> **Activity**
These records contain pictures, which must be left out; copy exactly the lines from the one with "Fjofpr home decor" up to and including the one with "Tabla 1 Especialidad".

> **Data**
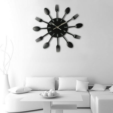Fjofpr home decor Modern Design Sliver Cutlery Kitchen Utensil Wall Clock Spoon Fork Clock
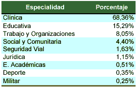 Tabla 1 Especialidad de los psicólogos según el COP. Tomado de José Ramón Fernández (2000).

---

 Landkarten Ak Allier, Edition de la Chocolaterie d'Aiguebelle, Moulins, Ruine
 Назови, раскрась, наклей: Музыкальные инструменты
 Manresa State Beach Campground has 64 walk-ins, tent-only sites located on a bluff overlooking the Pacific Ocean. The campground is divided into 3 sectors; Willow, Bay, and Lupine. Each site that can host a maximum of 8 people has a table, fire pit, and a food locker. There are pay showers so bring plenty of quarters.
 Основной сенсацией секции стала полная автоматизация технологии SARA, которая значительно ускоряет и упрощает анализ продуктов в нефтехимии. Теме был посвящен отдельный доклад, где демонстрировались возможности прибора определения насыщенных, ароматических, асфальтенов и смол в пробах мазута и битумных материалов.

---

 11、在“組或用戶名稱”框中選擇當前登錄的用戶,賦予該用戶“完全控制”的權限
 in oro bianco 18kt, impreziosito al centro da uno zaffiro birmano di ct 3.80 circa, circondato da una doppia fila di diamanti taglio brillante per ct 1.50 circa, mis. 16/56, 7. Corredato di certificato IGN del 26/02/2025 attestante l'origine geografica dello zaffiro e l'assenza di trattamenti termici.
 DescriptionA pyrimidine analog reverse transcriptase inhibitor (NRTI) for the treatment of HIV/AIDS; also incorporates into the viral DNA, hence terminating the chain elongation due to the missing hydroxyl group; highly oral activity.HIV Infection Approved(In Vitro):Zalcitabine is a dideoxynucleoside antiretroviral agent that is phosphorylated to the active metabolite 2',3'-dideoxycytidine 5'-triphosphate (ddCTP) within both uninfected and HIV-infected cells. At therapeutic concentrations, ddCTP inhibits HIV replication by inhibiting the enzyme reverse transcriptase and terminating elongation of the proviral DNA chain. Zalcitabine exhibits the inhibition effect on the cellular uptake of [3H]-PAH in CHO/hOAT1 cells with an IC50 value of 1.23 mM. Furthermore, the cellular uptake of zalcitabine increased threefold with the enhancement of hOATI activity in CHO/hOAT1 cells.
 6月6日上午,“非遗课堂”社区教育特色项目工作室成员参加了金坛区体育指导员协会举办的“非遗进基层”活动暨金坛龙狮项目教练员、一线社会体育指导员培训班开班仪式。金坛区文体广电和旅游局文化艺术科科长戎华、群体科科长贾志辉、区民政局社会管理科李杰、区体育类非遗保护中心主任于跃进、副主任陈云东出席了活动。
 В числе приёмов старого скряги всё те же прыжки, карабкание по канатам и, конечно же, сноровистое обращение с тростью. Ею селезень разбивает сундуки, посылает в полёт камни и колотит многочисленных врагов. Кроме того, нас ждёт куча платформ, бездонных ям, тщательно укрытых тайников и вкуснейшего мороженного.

> **Response to the exercise**
Fjofpr home decor Modern Design Sliver Cutlery Kitchen Utensil Wall Clock Spoon Fork Clock
 Tabla 1 Especialidad de los psicólogos según el COP. Tomado de José Ramón Fernández (2000).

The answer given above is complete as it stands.